Native. Perennial. Propagates by seeds.

Time of bloom: July to October.

Seed-time: September to December.

Range: Minnesota to the Saskatchewan and Idaho, southward to Texas and New Mexico. Habitat: Grasslands.

Closely grazed pastures are sometimes badly overgrown with this weed, for cattle will not eat the bitter foliage and the plant is left to reproduce itself.

Stems tufted, ten to twenty inches tall, smooth, woody at the base, the younger parts silky white with soft hair. Leaves also densely silken-hairy, grayish green, a half-inch to nearly two inches long, three- to five-parted, the segments very narrowly linear; lower leaves have slim petioles, often with a pair of entire or three-cleft divisions near the base; upper ones have fewer segments and are sessile.

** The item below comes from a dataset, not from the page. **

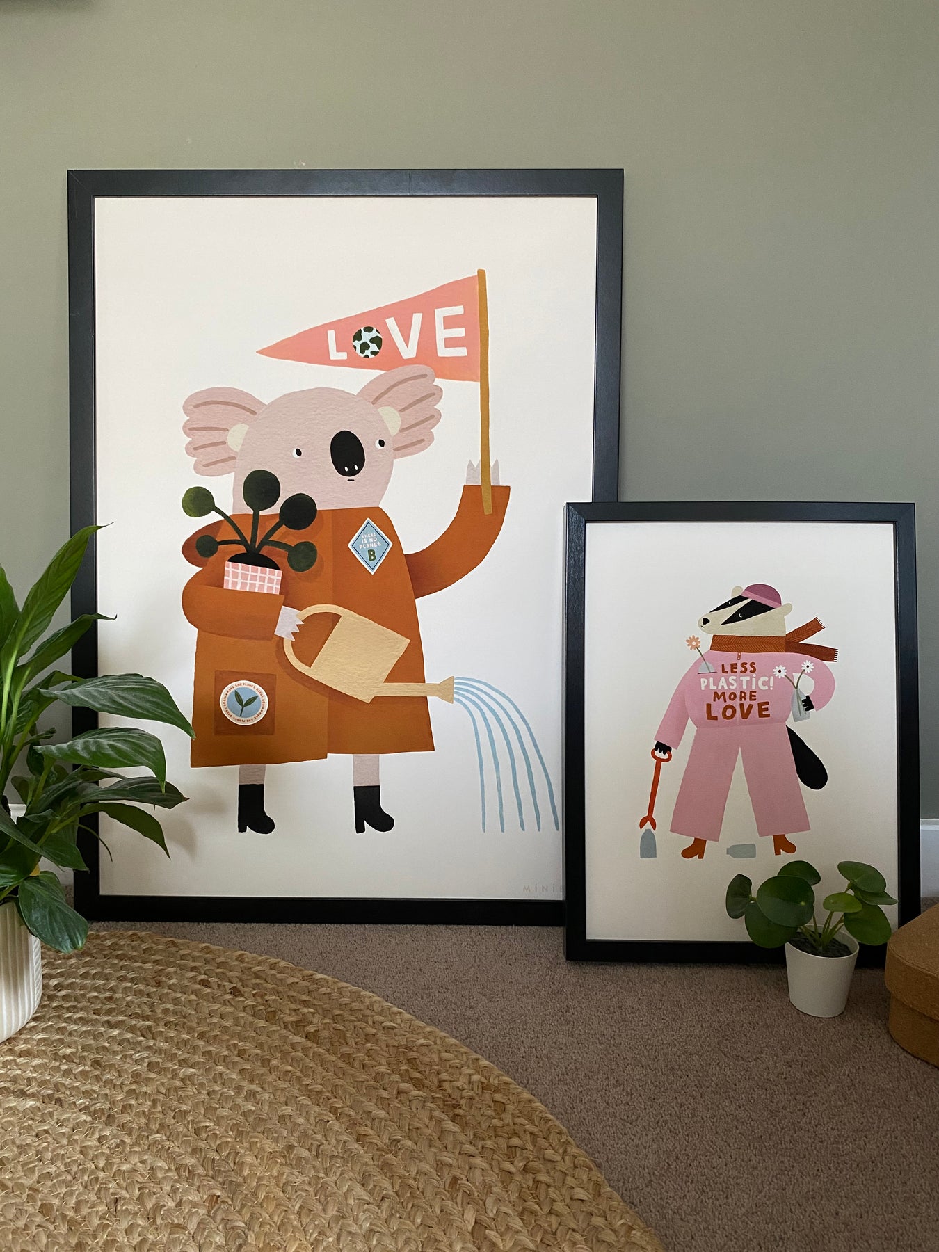 Let your little one be inspired to head outside and care for our planet with this charming Minibeau koala. Aniek Bartels, a Dutch illustrator who draws inspiration from nature and her commitment to living consciously, crafted this art print to not only look great but to raise awareness and challenge kids to take action.

Heads very numerous in narrow terminal panicles; nearly hemispheric, about an eighth of an inch broad, nodding on short pedicels; involucral scales rounded oblong, silky-hairy. Only the central florets of the heads are fertile.

Means Of Control

Only by breaking up the sod, and putting the ground under thorough cultivation for a year or two, can it be cleansed of the perennial roots and the dormant seeds of this obnoxious weed. Waste-land plants, the wind-blown seeds of which may infest the country side, should receive the attention of the whole community.